Your task →
With pictures excluded, retype exactly every line from the one containing "Los aspirantes a" to the end of the records below.

(Data records)
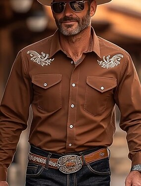 Hombre Voluta Estampado Floral Étnico Camisa camisa occidental Camisa vaquera Manga Larga retro de la vendimia Casual Exterior Para trabajo Verano Primavera Otoño Cuello Vuelto Dos bolsillos
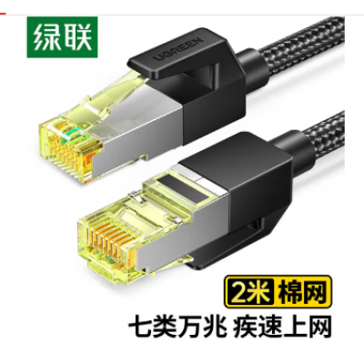 绿联(UGREEN)NW150 七类网线 Cat7万兆网络连接线 7类宽带电脑8芯屏蔽监控纯铜双绞网络跳线 2米
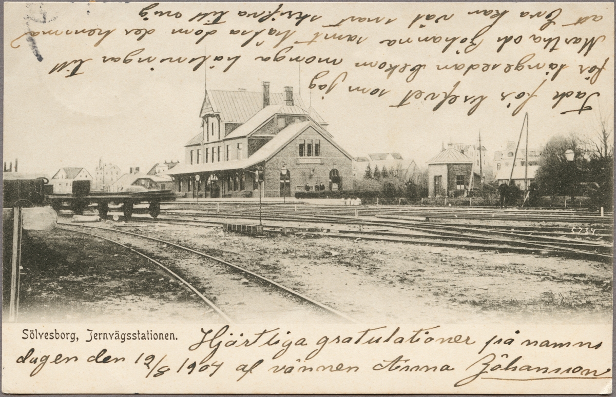 Vy på stationsområde och bangård.
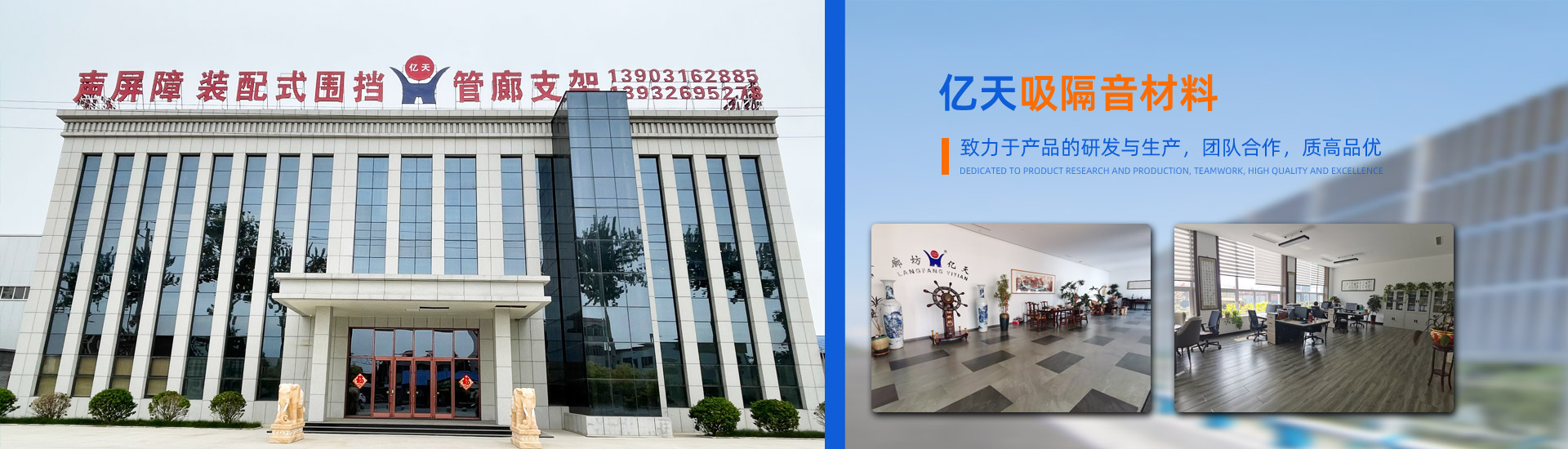廊坊億天吸隔音材料有限公司于1997年建廠,公司位于河北省廊坊市文安縣興隆宮鎮(zhèn)朱河村工業(yè)區(qū),地處京、津、冀金三角地帶,注冊資金8005萬元。公司一直致力于環(huán)保產(chǎn)品的研發(fā)與生產(chǎn),主要涉足于公路鐵路噪聲處理、廠房鋼結(jié)構(gòu)、防塵抑塵治理、環(huán)境美化四大領域。主營產(chǎn)品有高速鐵路用···
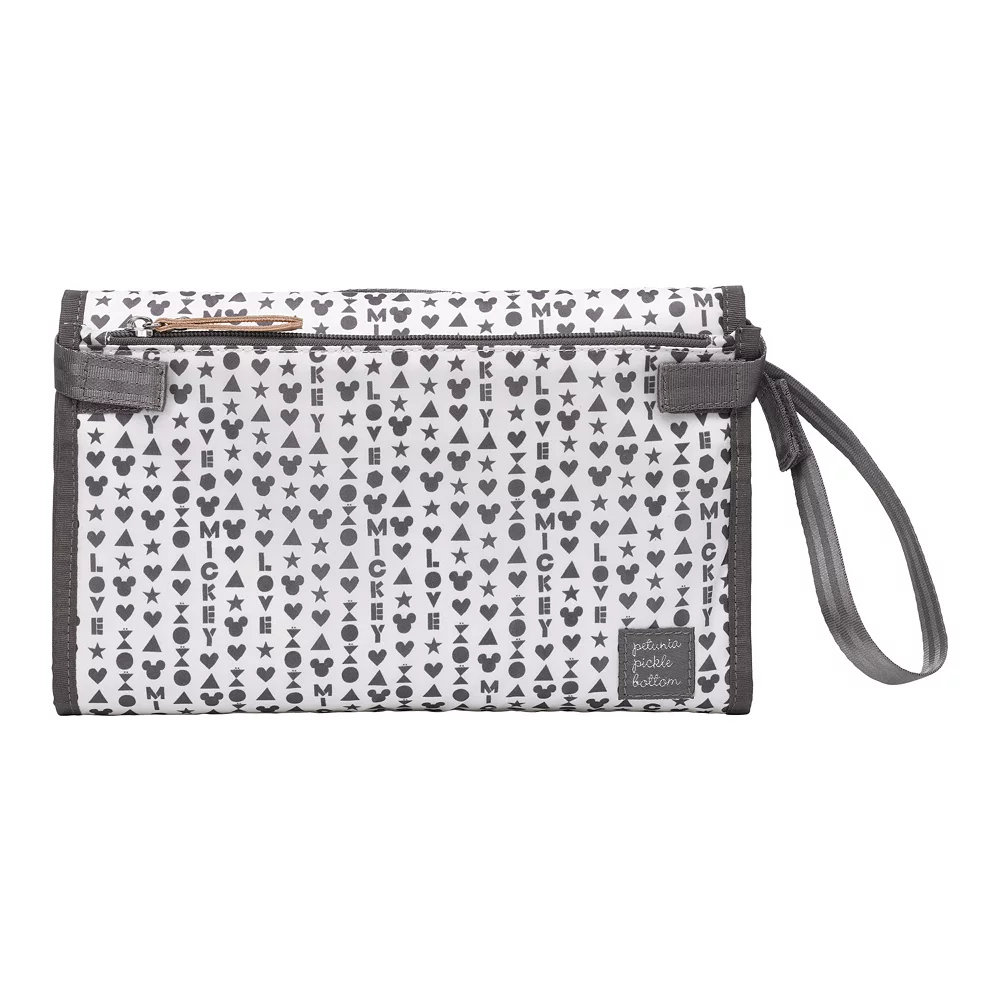Celebrate the magic of Disney’s Mickey Mouse in the latest collaboration with our friends at Disney Baby. This Nimble Diaper Clutch and Changer from Petunia Pickle Bottom is outfitted in a cheerful microprint that spells out love for Mickey Mouse fans big and small, and perfectly coordinates with the other bags and accessories in the Love Mickey Mouse collection. A clever solution to diaper changes on-the-go, this versatile and compact micro-bag can be carried alone or in a larger diaper bag, and offers maximum efficiency with a pocket that doubles as a pillow, a fold-out changing pad, and an easy-to-clean exterior.
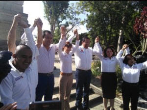 Los aspirantes a diputados locales Othón Cuevas, Hilda Pérez Luis, Dante Montaño, Oswaldo García Jarquín, para Presidente Municipal de Oaxacavde Juárez, así como los candidatos a diputados federales Benjamín Robles Montoya y Maribel Martinez quienes dieron a conocer la iniciativa 2 de Julio.
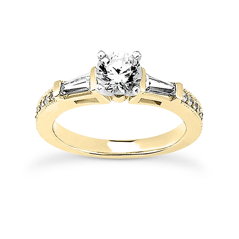 This 14K Gold Diamond Engagement Ring Setting showcases 0.38 carats of dazzling round & baguette diamonds and is available in Platinum, 18k or 14k yellow, rose, white gold, various sizes, and can be customized with any color and quality diamonds. This ring can accommodate from 0.50ct to 5ct round stone as a center (gold weight and number and carat weight of side stones may vary). Please note: This listing is for engagement ring Setting only, center diamond is for illustration purposes only and is sold separately. This Setting is priced to fit up to 0.50ct center stone. If you need it to fit a larger stone please contact us toll free in USA: 1-866-423-6262 or outside USA: 212-398-3123 prior to making a purchase as the price will vary depending on the size of your center stone.

Solution for this exercise →
 Los aspirantes a diputados locales Othón Cuevas, Hilda Pérez Luis, Dante Montaño, Oswaldo García Jarquín, para Presidente Municipal de Oaxacavde Juárez, así como los candidatos a diputados federales Benjamín Robles Montoya y Maribel Martinez quienes dieron a conocer la iniciativa 2 de Julio.
 This 14K Gold Diamond Engagement Ring Setting showcases 0.38 carats of dazzling round & baguette diamonds and is available in Platinum, 18k or 14k yellow, rose, white gold, various sizes, and can be customized with any color and quality diamonds. This ring can accommodate from 0.50ct to 5ct round stone as a center (gold weight and number and carat weight of side stones may vary). Please note: This listing is for engagement ring Setting only, center diamond is for illustration purposes only and is sold separately. This Setting is priced to fit up to 0.50ct center stone. If you need it to fit a larger stone please contact us toll free in USA: 1-866-423-6262 or outside USA: 212-398-3123 prior to making a purchase as the price will vary depending on the size of your center stone.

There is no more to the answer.